**EXERCISE PROMPT:** Lines from the line with "會上,青白江區人民政府、西南" to the line with "A quick Google" in the entries below, and only those, must be output exactly, with both ends included.

━━━ MATERIAL TO PROCESS ━━━

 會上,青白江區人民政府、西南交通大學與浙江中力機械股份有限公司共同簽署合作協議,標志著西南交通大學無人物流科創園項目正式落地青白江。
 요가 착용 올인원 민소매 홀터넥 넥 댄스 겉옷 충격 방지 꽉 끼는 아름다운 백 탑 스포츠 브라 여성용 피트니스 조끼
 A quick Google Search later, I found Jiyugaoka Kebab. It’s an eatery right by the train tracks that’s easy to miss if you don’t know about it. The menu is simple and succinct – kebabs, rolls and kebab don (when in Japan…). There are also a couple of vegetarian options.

━━━
━━━ MATERIAL TO PROCESS ━━━

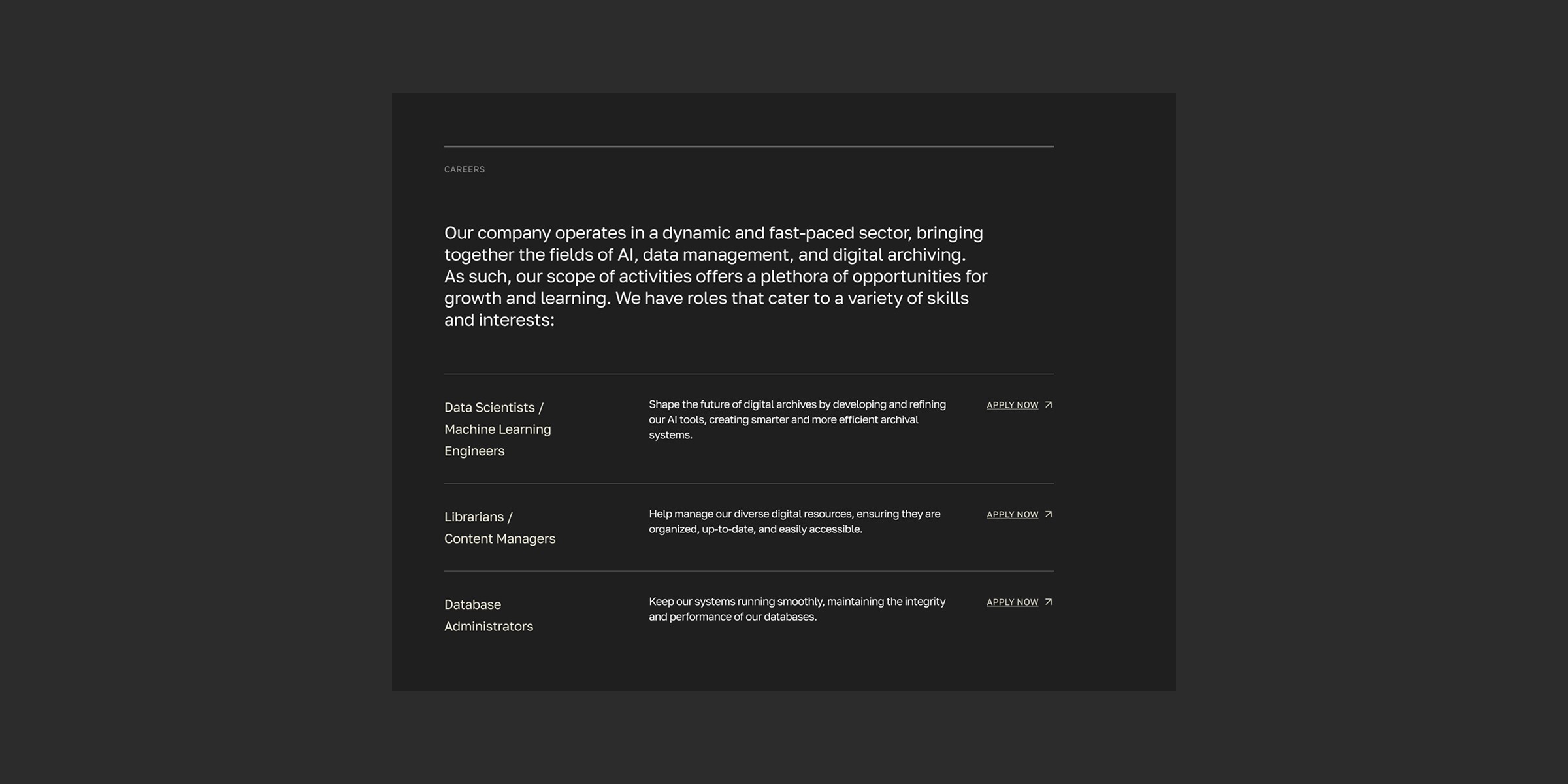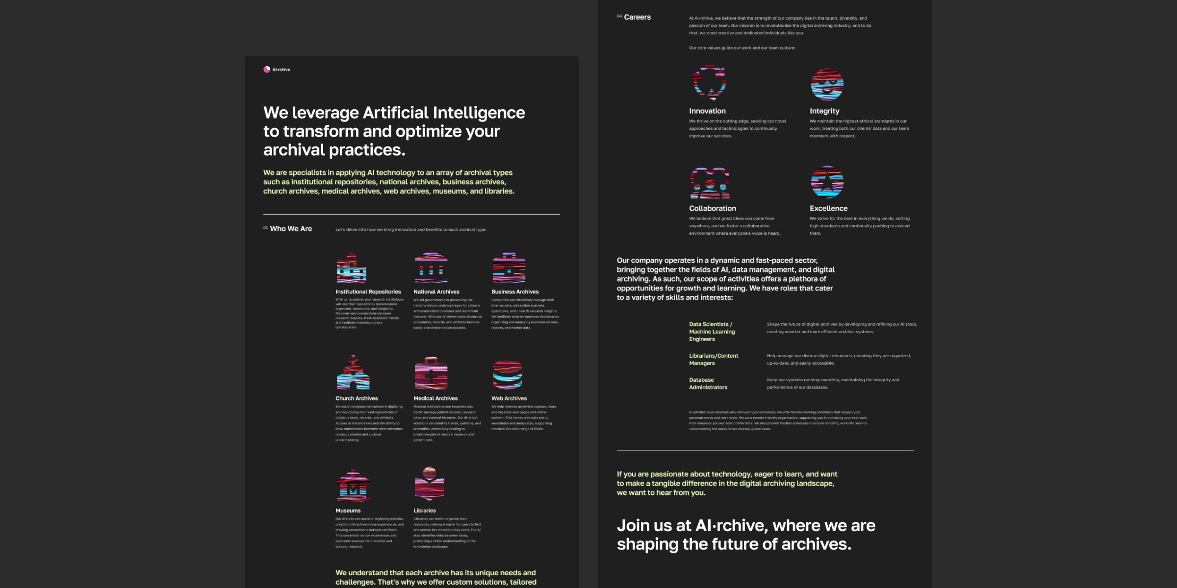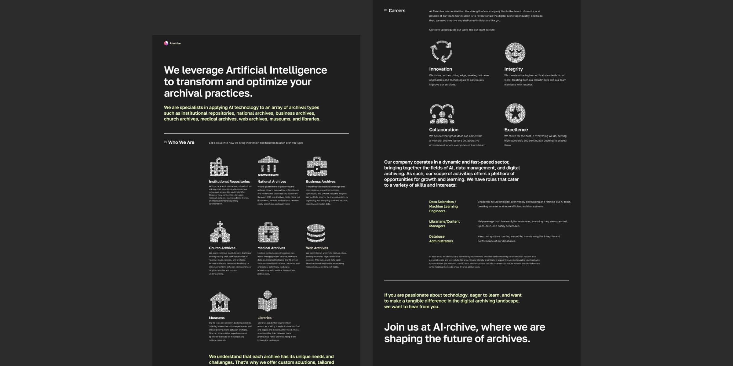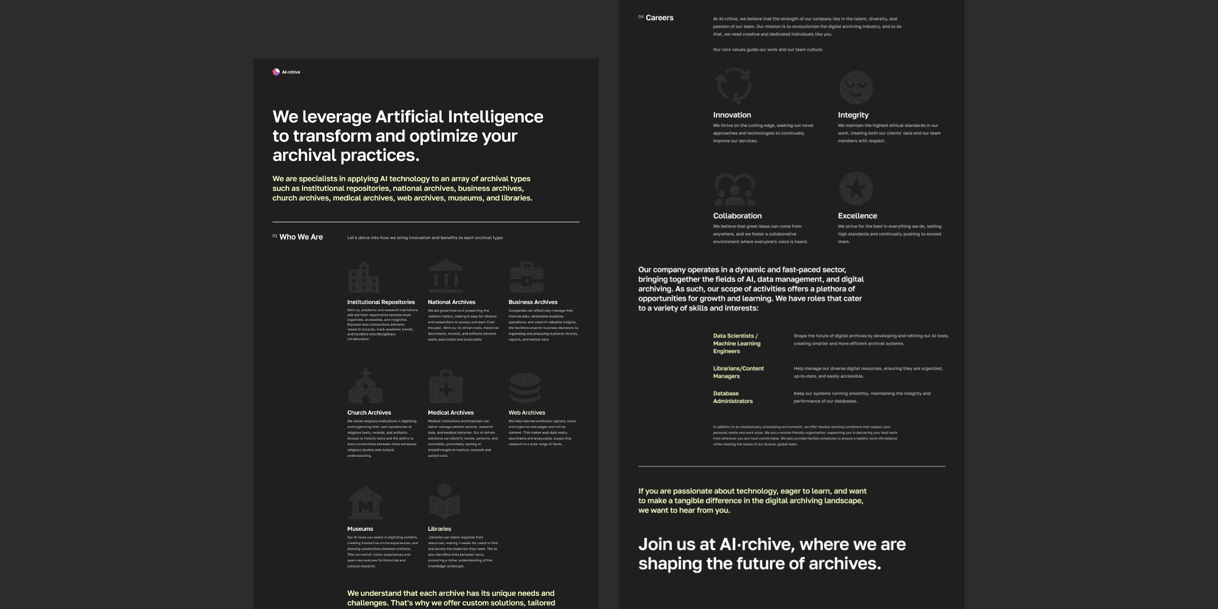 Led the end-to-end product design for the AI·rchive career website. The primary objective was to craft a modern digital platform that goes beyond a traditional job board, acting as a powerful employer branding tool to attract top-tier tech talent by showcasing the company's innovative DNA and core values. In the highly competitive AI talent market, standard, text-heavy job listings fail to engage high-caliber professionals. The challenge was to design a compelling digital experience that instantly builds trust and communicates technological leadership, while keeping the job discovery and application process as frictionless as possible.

━━━
━━━ MATERIAL TO PROCESS ━━━

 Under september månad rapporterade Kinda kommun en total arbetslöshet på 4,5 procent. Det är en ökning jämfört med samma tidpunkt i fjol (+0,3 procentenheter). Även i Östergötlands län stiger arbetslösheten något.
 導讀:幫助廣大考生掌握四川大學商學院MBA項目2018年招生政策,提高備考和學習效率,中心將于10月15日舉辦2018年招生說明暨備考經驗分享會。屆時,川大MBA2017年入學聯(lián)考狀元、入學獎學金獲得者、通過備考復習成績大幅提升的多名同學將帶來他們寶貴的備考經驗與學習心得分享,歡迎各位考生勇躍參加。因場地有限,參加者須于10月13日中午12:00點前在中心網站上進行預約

━━━

**SOLVED EXERCISE:**
 會上,青白江區人民政府、西南交通大學與浙江中力機械股份有限公司共同簽署合作協議,標志著西南交通大學無人物流科創園項目正式落地青白江。
 요가 착용 올인원 민소매 홀터넥 넥 댄스 겉옷 충격 방지 꽉 끼는 아름다운 백 탑 스포츠 브라 여성용 피트니스 조끼
 A quick Google Search later, I found Jiyugaoka Kebab. It’s an eatery right by the train tracks that’s easy to miss if you don’t know about it. The menu is simple and succinct – kebabs, rolls and kebab don (when in Japan…). There are also a couple of vegetarian options.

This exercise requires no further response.